In this regard, Lawyer Wang Zhibin of Shanghai Minglun law firm said that the joint proposal of the two shareholders to convene the general meeting of shareholders and jointly nominate directors should be regarded as the joint action of the two shareholders on a single matter, which is not equivalent to that the two shareholders have formed a concerted action. Moreover, the two shareholders did not propose the removal of the current directors. If the candidates nominated by the two shareholders are elected as directors, the company will have nine directors, including four nominated by Zhongyuan financial holding, which is not more than half. It is also difficult to define that the two shareholders jointly realized the acquisition of the listed company.
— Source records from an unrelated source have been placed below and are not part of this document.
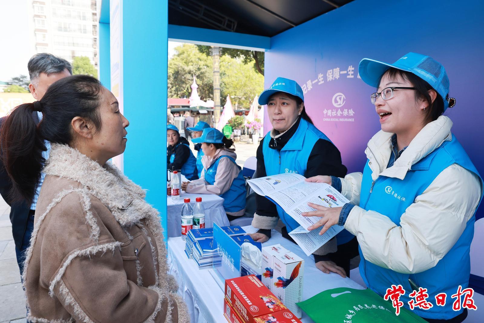活動主會場——常德技師學院內,教職工、學生和周邊城鄉居民、新業態從業人員踴躍參加。政策咨詢解答區,座無虛席,市民圍坐社保規劃師身旁,享受“一對一”精準解答。智慧服務展示區,智能機器人流暢應答,業務導辦一鍵完成。社銀合作展示區,現場即可辦理社保卡開戶、申領、換卡等業務,便捷服務引得群眾連連稱贊。趣味互動區,笑聲不斷,有獎問答讓社保知識“活”了起來,一名學生舉著獎品笑道:“原來社保可以這么有趣!”
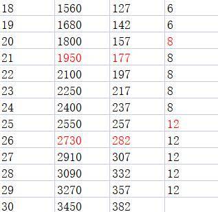 接下来是我个人根据规律预测的数据(21级和26级数据属实)
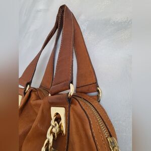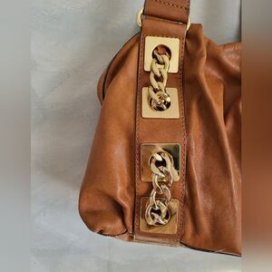 Michael Kors Tan Top Handle Shoulder Bag Gold Fisherman Chain Accents Slouchy Nuetral Rust Color
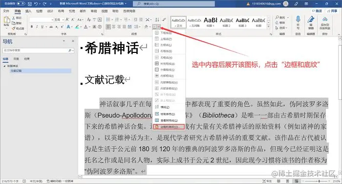 第1步:一样选中需要设置底纹的内容,不过这次需要点击的是另一个图标,也是在【开始】下方,如图展开这个图标后,点击“边框与底纹”:
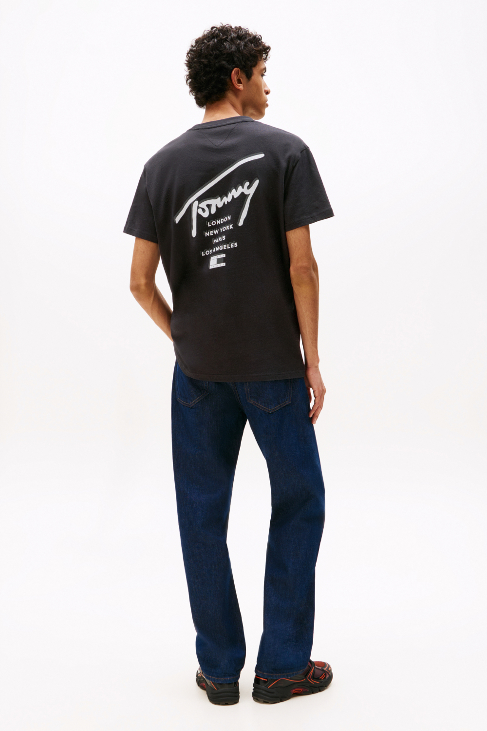 Dit casual zwarte T-shirt van Tommy Jeans is een onmisbare aanvulling voor jouw herfstgarderobe. Het T-shirt heeft een regular fit pasvorm en is vervaardigd uit 100% katoen, wat zorgt voor een comfortabele en duurzame stof. De ronde hals en de korte mouwen maken het een veelzijdig kledingstuk dat je moeiteloos kunt dragen op informele dagen. Op de achterkant van het T-shirt staat een opvallende tekstprint met namen van wereldsteden, die een stoer en urban tintje geeft aan het geheel. Of je nu een dagje uitgaat of een relaxte dag thuis doorbrengt, dit T-shirt biedt je de perfecte combinatie van stijl en comfort. Het is eenvoudig te combineren met een jeans voor een casual look of met een comfortabele broek voor een laid-back vibe. Dankzij de normale lengte en het eenvoudige ontwerp kun je dit T-shirt makkelijk in laagjes dragen onder een jas of vest in de koelere maanden. Laat je gevoel voor mode naar voren komen met dit stijlvolle item van Tommy Jeans.
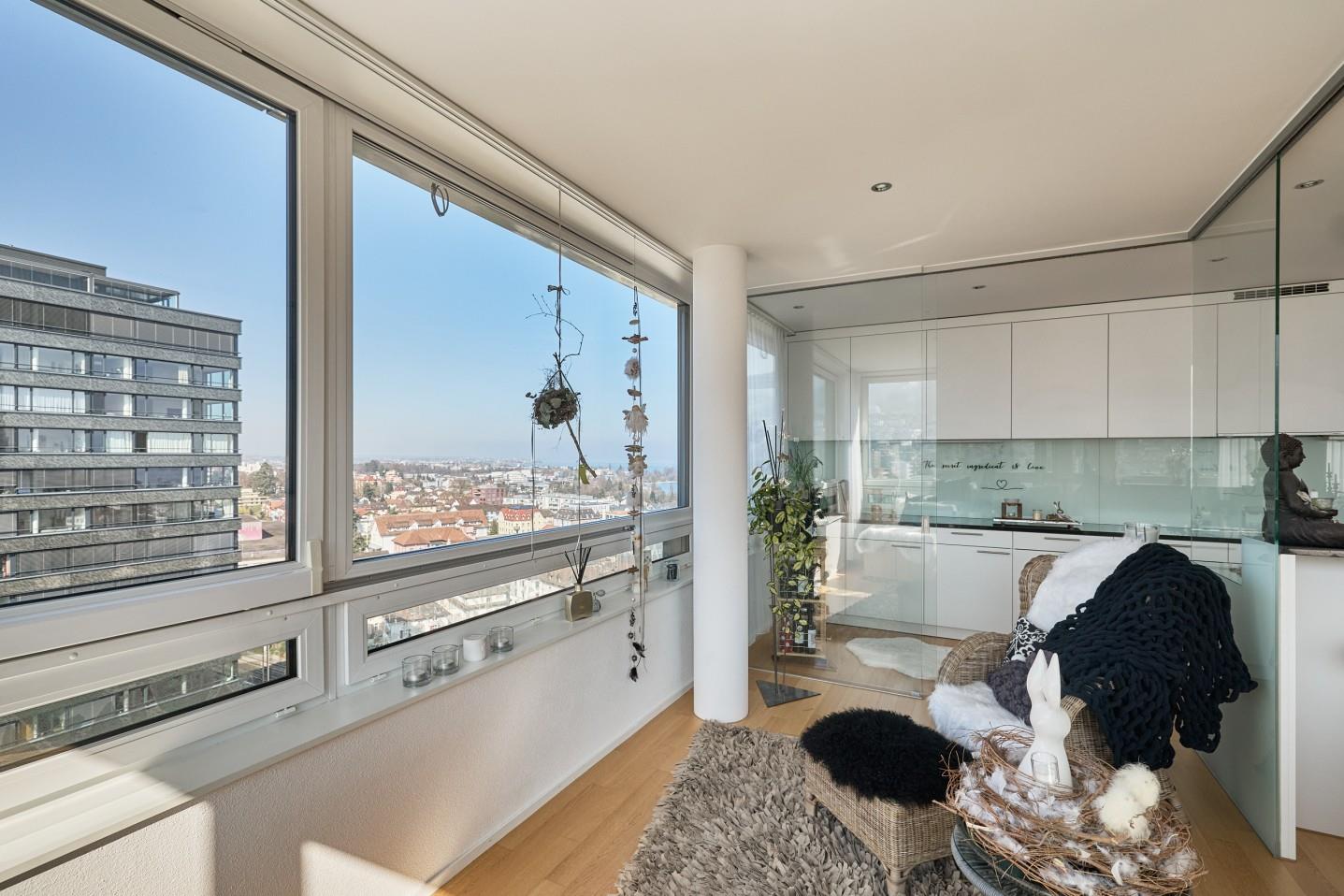 Diese attraktive 3.5-Zimmer-Eigentumswohnung im 12. Obergeschoss überzeugt durch ihre privilegierte Südwest-Ausrichtung sowie eine beeindruckende Weitsicht mit Blick auf den Bodensee.
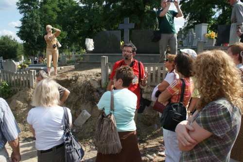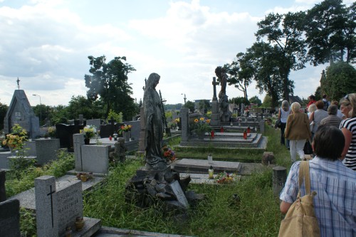 Na starcie zorganizowanej przez kaliskich przewodników PTTK XXIV edycji Kaliszobrania pojawiło się blisko 200 zwolenników tej imprezy. Liczba imponująca, zważywszy na trwający przecież sezon urlopowych wyjazdów, na konkurencyjne imprezy jakie tego dnia odbywały się w mieście jak i - pozornie - mniej atrakcyjny obszar wędrówki - dzielnicę Tyniec. Ten ostatni mit dwaj prowadzący spacer przewodnicy: Stefan Szymczak i Piotr Sobolewski obalili chyba jednoznacznie. Opowiadali bowiem o sięgających jeszcze epoki neolitu początkach osadnictwa w okolicach Kalisza, których ślady archeolodzy znaleźli właśnie na Tyńcu i o ich kolejnych tynieckich znaleziskach - z osadą w ramach ptolemeuszowej Kalisii włącznie. Opowiadali też o niezrealizowanym do końca projekcie sprzed dwóch wieków postawienia na tynieckim wzgórzu pomnika Napoleona i o tynieckich cegielniach Stencla i Sztarka oraz Binkowskiego i Graczykowskiego, które w okresie międzywojennej prosperity dostarczały do odbudowywanego właśnie Kalisza milionów cegieł, dachówek i sączków. Opowiedzieli wreszcie nieco o leżącym za cmentarzem Obszarze Chronionego Krajobrazu Doliny Rzeki Swędrni zachęcając przy okazji wszystkich do samodzielnych wakacyjnych jego odwiedzin. Najwięcej jednak uwagi i czasu poświęcono spacerowi alejkami założonego oficjalnie w 1885 r. (wcześniej funkcjonował jako miejsce pochówku ofiar epidemii) cmentarzowi tynieckiemu. Liczący obecnie ok. 8 ha powierzchni cmentarz "dorobił się" kilku znaczących miejsc pochówku i interesujących nagrobków. Przewodnicy wskazali m.in. odnowione ostatnio grób nieznanego żołnierza i zbiorową mogiłę 56 członków AK - ofiar egzekucji w lesie skarszewskim w styczniu 1945 r., miejsca pochówków proboszczów kaliskiej z kolegiaty ze znanym wśród uczniów kaliskich szkół ks. Kalinowskim i zmarłym przed dziesięciu laty ks. Andrzejczakiem, stary i nowy grobowiec oo. Jezuitów, w którym spoczywa m.in. ks. Stefan Dzierżek, mogiły powstańców styczniowych i zbiorową mogiłę ofiar pruskich egzekucji z sierpnia 1914 r. Uczestnicy dotarli do miejsc wiecznego spoczynku wielu znanych kaliszan: prof. Jerzego Rubińskiego, twórcy potęgi kaliskiego boksu - Antoniego Szymańskiego, małżeństwa Walczyńskich, nauczycieli, lekarzy, aktorów, restauratorów. W tzw. Alei Aniołów odnaleźli najstarsze piaskowcowe groby ze strzegącymi je od ponad wieku kamiennymi aniołami i aniołkami. Przy starym murze przewodnicy pokazali najstarszy z odnalezionych przez siebie grobowiec z zaznaczoną datą 1886 r. Nie zabrakło też historii o posmaku sensacyjnym - uczestnicy dotarli do kwatery samobójców, grobu wielokrotnego mordercy straconego w latach pięćdziesiątych po głośnym procesie, ofiar spektakularnych zabójstw i wypadków, wystawnych grobowców rodzin kaliskich biznesmenów itp. Przy grobie Alfreda Nowackiego zapoznali się z historią konspiracyjnej działalności tej postaci i okoliczności jego aresztowania i stracenia przez faszystów. Prowadzący tradycyjnie imprezę dr Piotr Sobolewski konkludował, iż po zakończeniu spaceru hasło tej edycji "Tyniec niepoznany" przynajmniej dla jego uczestników zdezaktualizowało się.
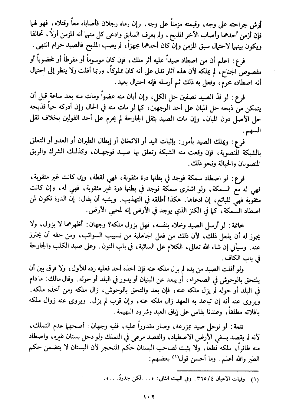 : ويملك الصيد بأمور: بإثبات اليد أو الاثخان أو إبطال الطيران أو العدو أو التعلق بالشبكة المنصوبة، فإن وقعت منه الشبكة وتعلق بها صيد فوجهان، وكذلك الشرك والربق المنصوبان والحبالة ونحو ذلك.
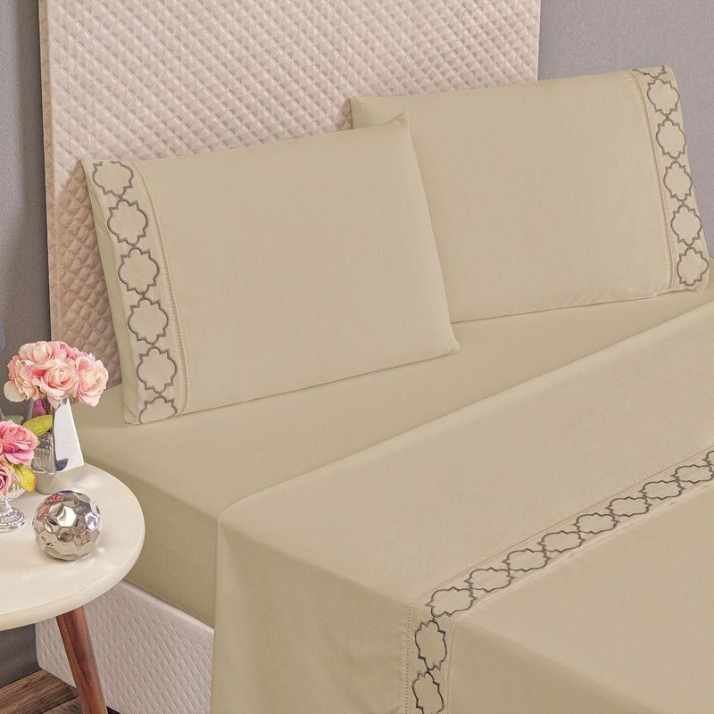 Jogo Cama Lençol Santoro King Micropercal 300 Fios 4 Peças - Cáqui
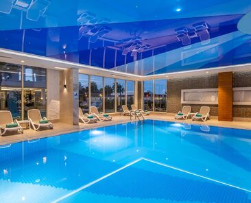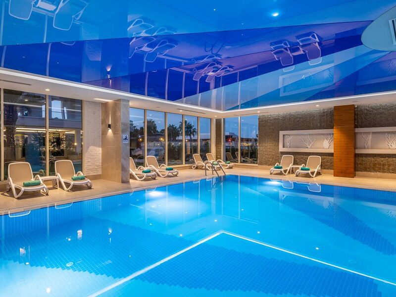 Plaj:Kum Kapalı Havuz: 380 m2, Derinlik 150 am (Covid önlemlerinden dolayı hizmete kapalı)

In addition, Wang Zhibin believes that Article 60 of the measures for the administration of the acquisition of listed companies gives the board of directors the right to reject shareholders’ proposals on the premise that the shareholder is controlled by the actual controller and the actual controller is in violation of regulations or is not allowed to acquire the listed company, Jiangsu Xinning Modern Logistics Co.Ltd(300013) two shareholders are not controlled by the actual controller of the company, The board of directors of the company cited this clause to reject the shareholders’ proposal, which is not in line with the original intention of the legislation.
“I personally believe that the two shareholders have the right to convene the general meeting of shareholders on their own after properly performing the pre procedure. The company’s management refuses to convene the general meeting of shareholders, which is suspected of infringing on the legitimate rights of shareholders.” Wang Zhibin said.